START SOURCE MATERIAL

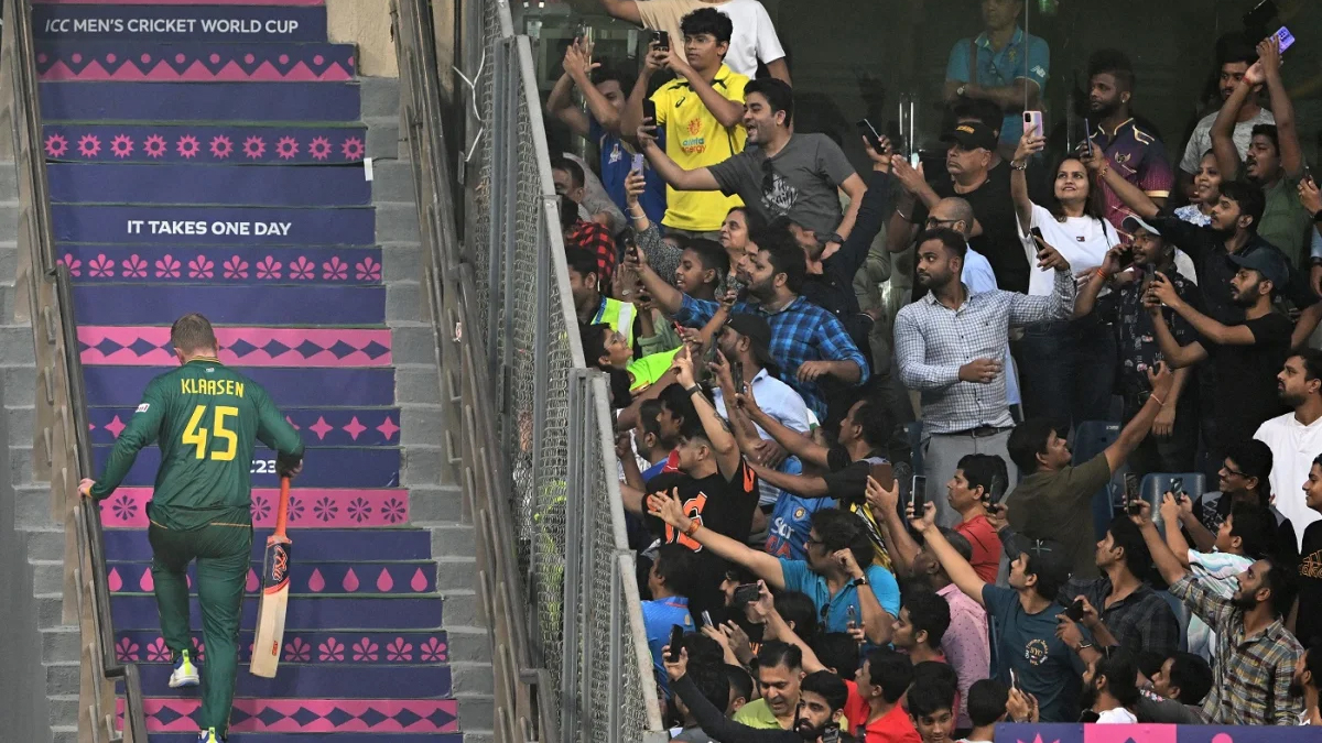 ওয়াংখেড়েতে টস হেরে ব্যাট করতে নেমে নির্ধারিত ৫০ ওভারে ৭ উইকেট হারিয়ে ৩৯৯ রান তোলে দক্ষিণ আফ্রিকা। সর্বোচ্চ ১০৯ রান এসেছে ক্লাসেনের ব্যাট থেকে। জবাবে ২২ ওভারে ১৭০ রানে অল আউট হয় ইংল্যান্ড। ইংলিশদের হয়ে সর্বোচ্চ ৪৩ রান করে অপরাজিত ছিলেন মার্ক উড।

END SOURCE MATERIAL
START SOURCE MATERIAL

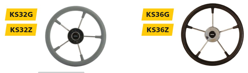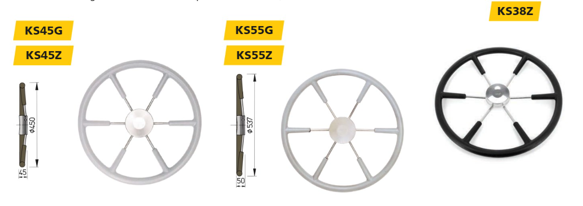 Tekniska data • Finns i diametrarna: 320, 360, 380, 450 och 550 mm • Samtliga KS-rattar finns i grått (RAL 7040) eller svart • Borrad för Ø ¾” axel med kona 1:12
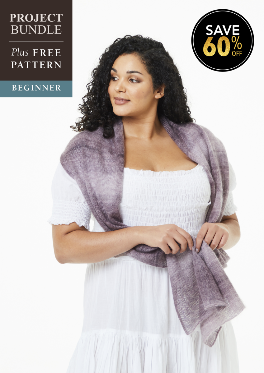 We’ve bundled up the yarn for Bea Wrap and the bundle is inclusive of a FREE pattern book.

END SOURCE MATERIAL
START SOURCE MATERIAL

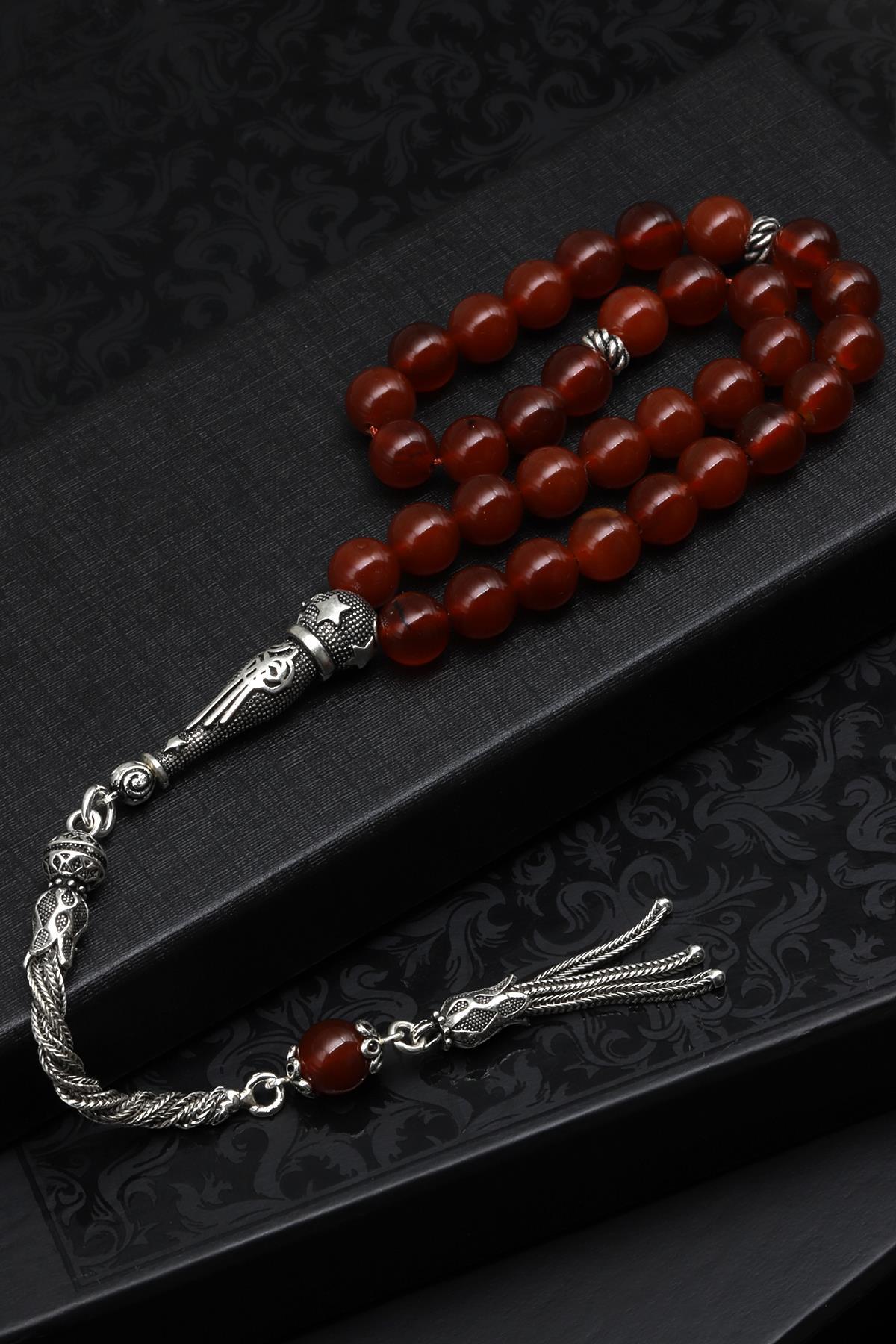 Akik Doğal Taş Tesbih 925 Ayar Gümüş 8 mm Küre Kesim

END SOURCE MATERIAL

:: TASK ::
Within the listing above, write out the stretch from the line with "Tekniska data •" through the line with "We’ve bundled up" exactly. Any pictures are to be left out.

:: ANSWER TO THIS TASK ::
 Tekniska data • Finns i diametrarna: 320, 360, 380, 450 och 550 mm • Samtliga KS-rattar finns i grått (RAL 7040) eller svart • Borrad för Ø ¾” axel med kona 1:12
 We’ve bundled up the yarn for Bea Wrap and the bundle is inclusive of a FREE pattern book.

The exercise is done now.